Clips gegen Mitralinsuffizienz
Auf Interesse stiess zudem ein interventionelles Clipping-Verfahren, das in Zukunft zur Behandlung der Mitralklappeninsuffizienz zum Einsatz kommen könnte. Dabei werden die beiden Klappensegel mit einem Herzkathetereingriff in der Mitte zusammenge-
clippt. So ergeben sich bei einer Klappeninsuffizienz aus einer einzigen grossen Rückflussöffnung zwei kleinere Öffnungen, die zusammenaddiert eine geringere Gesamtfläche haben und somit das Regurgitationsvolumen des Blutes reduzieren sollen. Erfahrungen mit dieser Methode wurden auf der AHA-Tagung anhand der EVEREST-IStudie vorgestellt, die 27 Patienten mit einer ausgeprägten Mitralklappeninsuffizienz umfasste. Während bei 24 der 27 Studienteilnehmer die Prozedur glückte und sich bei zwei Dritteln die Mitralinsuffizienz unter einen Schweregrad von 2 verbessern liess, löste sich der Clip bei 3 Patienten und bei 1 Probanden war es infolge des Eingriffes zu einem Schlaganfall gekommen.

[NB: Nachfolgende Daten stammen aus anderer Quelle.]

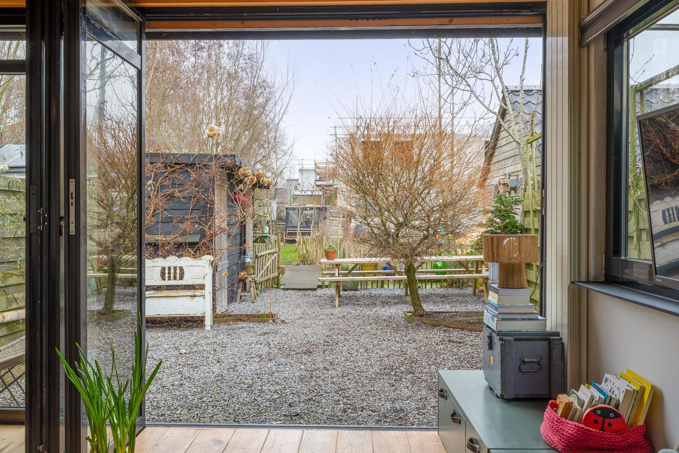 De gunstig gelegen diepe achtertuin, is een heerlijke plek om te ontspannen en beschikt over een riant houten tuinhuis. Een bijzonder extraatje vindt u direct achter de eigen tuin: een extra perceel (in bruikleen van de gemeente) dat momenteel is ingericht als moestuin en speelveld. Hierdoor ervaart u een ongekende vrijheid en ruimte, midden in de stad.
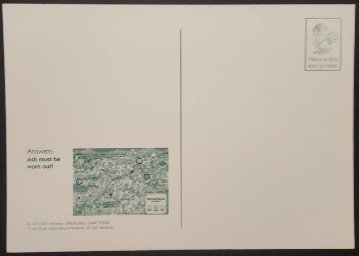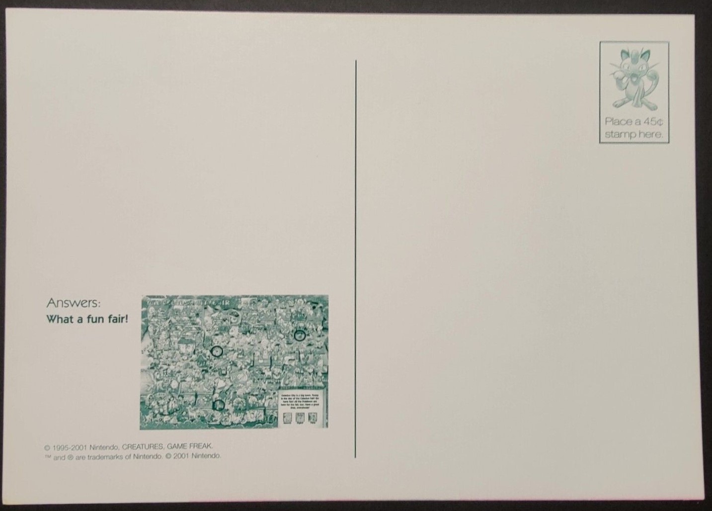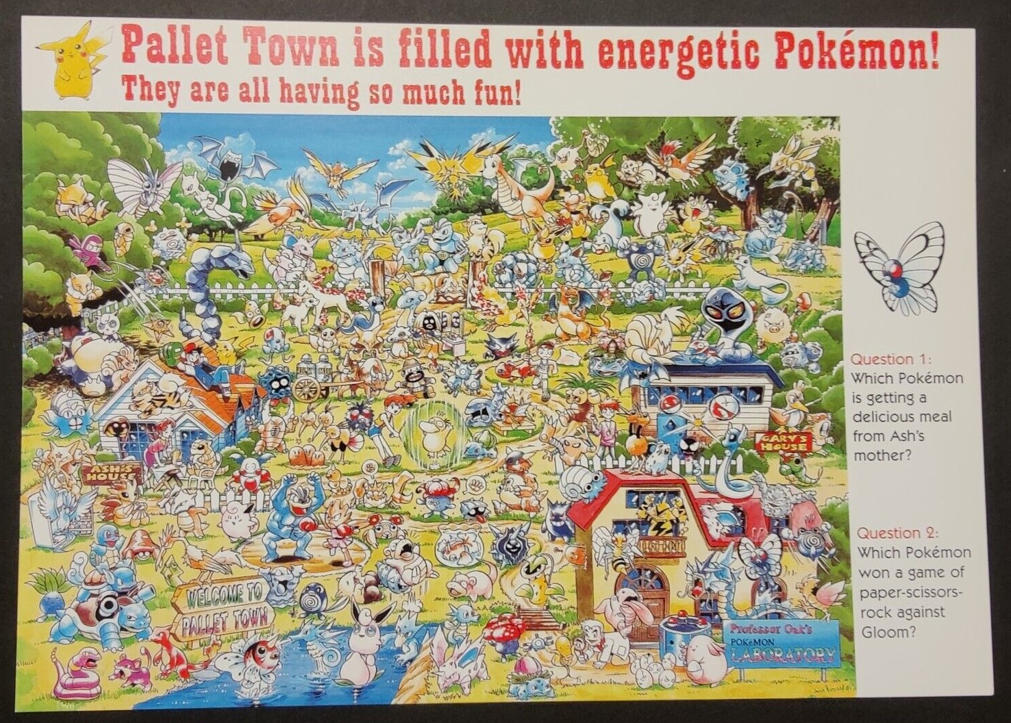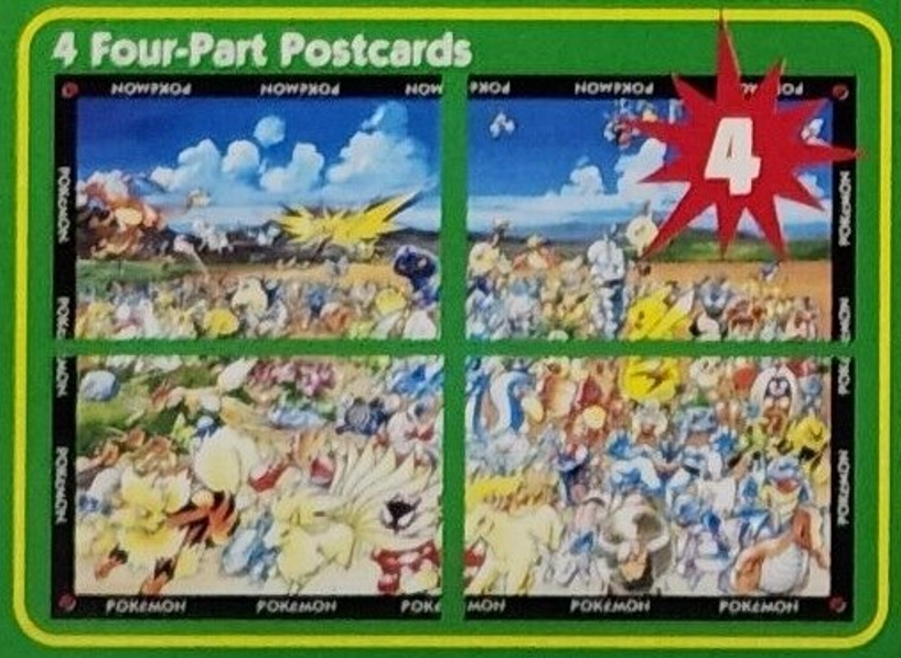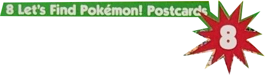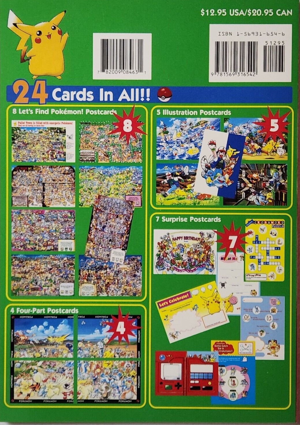 As detailed on the back - 8 of the postcards are scenes found in "Let's Find Pokemon! 1", 4 come together to form 1 large poster (the cover of the postcard book and Let's Find Pokemon! 1 without the text), 5 are (as far as I can tell) orignal illustrations, and the remaining 7 are an assortment of cards ranging from specific occassions (birthday and general celebrations), small activities (crossword puzzle, about me "mad lib", a word puzzle), to pokemon series concepts (Pokedex and evolution).

Siegeszug der Drug Eluting Stents
Kaum eine Neueinführung hat sich in der Kardiologie so schnell etabliert wie die Drug Eluting Stents. Bereits bei 75 Prozent der in den USA implantierten Stents soll es sich derzeit um Röhrchen handeln, die Medikamente freisetzen. Und schon bald werden es über 90 Prozent sein, wie auf dem diesjährigen Kongress der American Heart Association in New Orleans vorausgesagt wurde. Insgesamt sind trotz der kurzen Zeit, in denen die Drug Eluting Stents zur Diskussion stehen, schon 75 klinische Studien publiziert worden, so der Hinweis von Pfisterer, der dabei auf exzellente Ergebnisse aufmerksam machte. Die Angst vor Restenosen sei praktisch verschwunden. Und ein freizügigerer Gebrauch sei daher auch bei komplexen Stenosen nicht überraschend.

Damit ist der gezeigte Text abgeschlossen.